А найти надо одного.

Вот и ходит Ванко. Большую темную палатку он приметил еще накануне. По виду наемники, только, вопреки обыкновению, много – человек двадцать, даже несколько женщин есть. И палаток вблизи четыре штуки, просто три поменьше, стоят квадратом. Хозяева свой лагерь на отшибе разбили, в гущу не лезут, большинство на месте сидит, угрюмые все. Подозрительно – чего на торг приезжать, если не ходить никуда. Ванко несколько раз мимо прошелся, ничего не услышал интересного, тихо, слышны разговоры, но больше по хозяйству. Ближе идти не решился – к началу ярмарки народ в центр подтягивается, здесь безлюдно, пусто, одинокий мальчишка внимание привлекает. Отметил для себя на будущее и побежал туда, где людей побольше.

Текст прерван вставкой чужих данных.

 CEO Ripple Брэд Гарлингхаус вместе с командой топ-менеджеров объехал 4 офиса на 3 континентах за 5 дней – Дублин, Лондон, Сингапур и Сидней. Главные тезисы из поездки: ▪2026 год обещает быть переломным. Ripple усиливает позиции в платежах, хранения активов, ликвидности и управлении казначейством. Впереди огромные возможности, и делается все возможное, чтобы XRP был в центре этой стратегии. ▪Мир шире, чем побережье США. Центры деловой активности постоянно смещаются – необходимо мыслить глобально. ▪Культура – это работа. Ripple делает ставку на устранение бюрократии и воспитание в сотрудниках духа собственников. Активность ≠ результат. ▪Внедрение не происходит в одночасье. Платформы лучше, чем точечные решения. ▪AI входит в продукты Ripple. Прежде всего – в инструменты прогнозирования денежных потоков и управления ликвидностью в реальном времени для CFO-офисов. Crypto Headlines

Все свободное пространство между Главными рядами напротив помоста плотно забито гостями. Они переминаются на месте и переговариваются друг с другом, от чего над полем стоит ровный монотонный гул, в ожидании доброго слова хозяев-осетровцев, знаменующего начало.

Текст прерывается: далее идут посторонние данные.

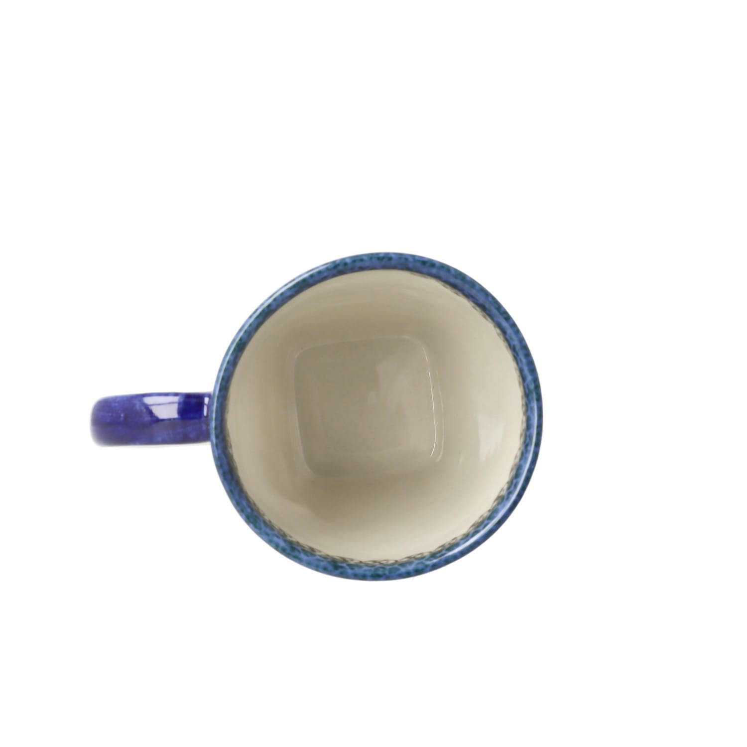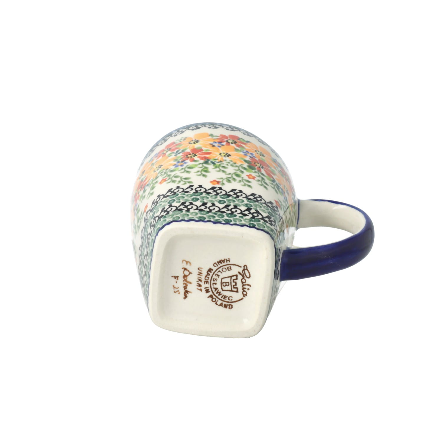Kubek z uchem, w klasycznym kształcie. Produkt ręcznie formowany i dekorowany w Manufakturze Galia Bolesławiec.

Тем временем волна пошла по столпившимся – начинается.

Ванко протиснулся поближе и привстал на цыпочки, стараясь не пропустить ни одного мгновенья. На помосте уже расположились уверенного вида четверо мужчин. Все уже преклонного возраста, добротно одетые – городской совет. Стражники наверху напряглись, от их внимания сейчас многое зависит – по традиции старейшины к людям без оружия и без охраны выходят.

– Мир вам, гости, – обратился один из горожан, высокий и сухопарый, – еще год прошел, и в Устье Куты мы рады вновь видеть лица старых друзей и новых знакомых. Закончилось время долгих речей. Всем знакомы наши честные правила?

Нестройный гомон в ответ – правила ярмарки просты и суровы в жестоком мире. Здесь нет каторги и забыли о штрафах. Общество гуманно, изгнание означает верную гибель – зачем продлевать муки, преступления караются быстрой смертью.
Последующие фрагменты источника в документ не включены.